FTX Token (FTT) WAS a beloved cryptocurrency for traders with just under 30,000 total addresses holding the token. Sadly, over 3 years, grew to a market cap of over $3,000,000,000 USD. The FTX Token was proving itself useful for traders all around the world.
HOWEVER.....
FTX halted withdrawals following reports that it used customer funds on risky investments that left the crypto exchange in a deep hole.FTX has NOW filed for bankruptcy, which means anyone who can establish that the company owes them money will have to get in line to request repayment.
How did it all unfold?
- On 6th November; Binance CEO announced that he was selling his holdings of the FTX token (approx 530million worth). Alameda offered to buy the Binance CEO's share at $22 each, which saw the price fall slightly from $24 to $22.
- 8th to 9th November; Binance went from announcing an intention to buy FTX (subject to due diligence) to stepping away from the deal, just hours of checking its accounts.
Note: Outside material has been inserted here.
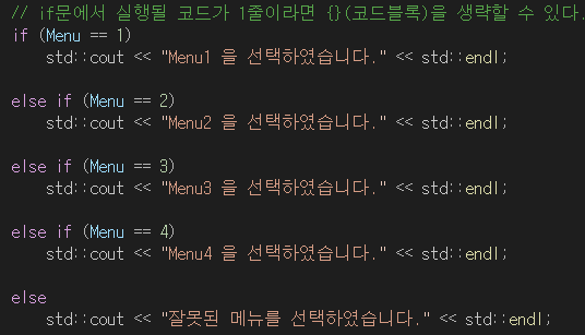 else if는 if문 1개에 여러개의 else if가 존재할 수 있다. 없어도 된다.

Within the day, FTT cascaded from $22 to $2.36, as the SEC and CFTC begins its investigation of FTX and Alameda.
- 12th November; Between $1 to $2 billion in funds from FTX customer accounts have gone missing, with messages indicating that FTX has been hacked.
Currently
- Bahamian regulators freeze assets of FTX.
- Alameda is being wound down
- FTX files for bankruptcy
Unfortunately, this FTX implosion has reignited the call for more regulatory oversight in the crypto markets, to address the current systemic risks.